Since the phosphine compound represented by the general formula (1) has C ₂ point group axial asymmetry, an optically active substance of (R) form or (S) form exists. When the phosphine compound is used in the reaction, it may be a racemate or any one of the optically active substances.

  Further, the phosphine compound represented by the general formula (1) may be immobilized on polystyrene or the like by a known method, or may be immobilized on a polymer carrier by microencapsulation (for example, JP-A No. 2002-253972). Absent.

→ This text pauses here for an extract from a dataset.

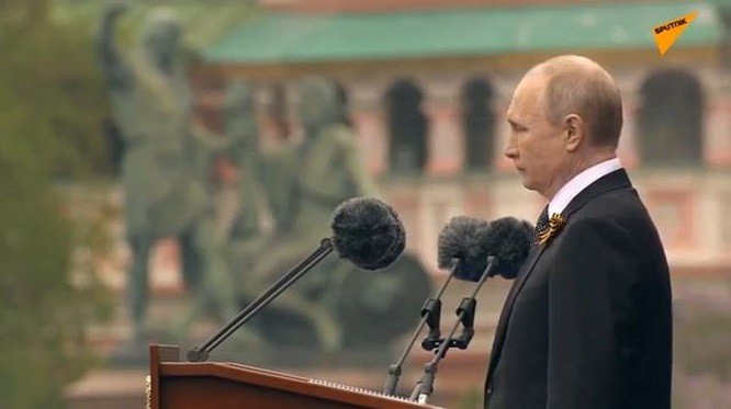 Đúng 10h theo giờ Matxcơva (tức 14h giờ Hà Nội), chuông đồng hồ trên Quảng trường Đỏ ngân vang, lễ duyệt binh 74 năm ngày chiến thắng phát xít bắt đầu. Sau nghi thức duyệt đội hình duyệt binh của Bộ trưởng Quốc phòng Shoigu, Tổng thống Nga Vladimir Putin tiếp nối sự kiện với bài phát biểu ca ngợi cuộc chiến vệ quốc vĩ đại.

Moreover, you may use what was fix | immobilized using the silane coupling agent to inorganic supports, such as a silica gel (for example, Journal of American Chemical Society, 125, 4688-4690 (2003)).

  The phosphine compound of the present invention is an excellent ligand for transition metal compounds such as palladium, and exhibits high selectivity and high activity in various catalytic reactions such as arylamine synthesis, biaryl synthesis, and substituted styrene derivative synthesis. It is.

¹ H-NMR chart (CDCl ₃ ) of Compound A is shown. ¹ H-NMR chart (acetone-d ₆ ) of Compound B is shown. ¹ H-NMR chart (CDCl ₃ ) of Compound C is shown. ¹ H-NMR chart (Methanol-d ₄ ) of Compound D is shown. ¹ H-NMR chart (CDCl ₃ ) of Compound L3 is shown.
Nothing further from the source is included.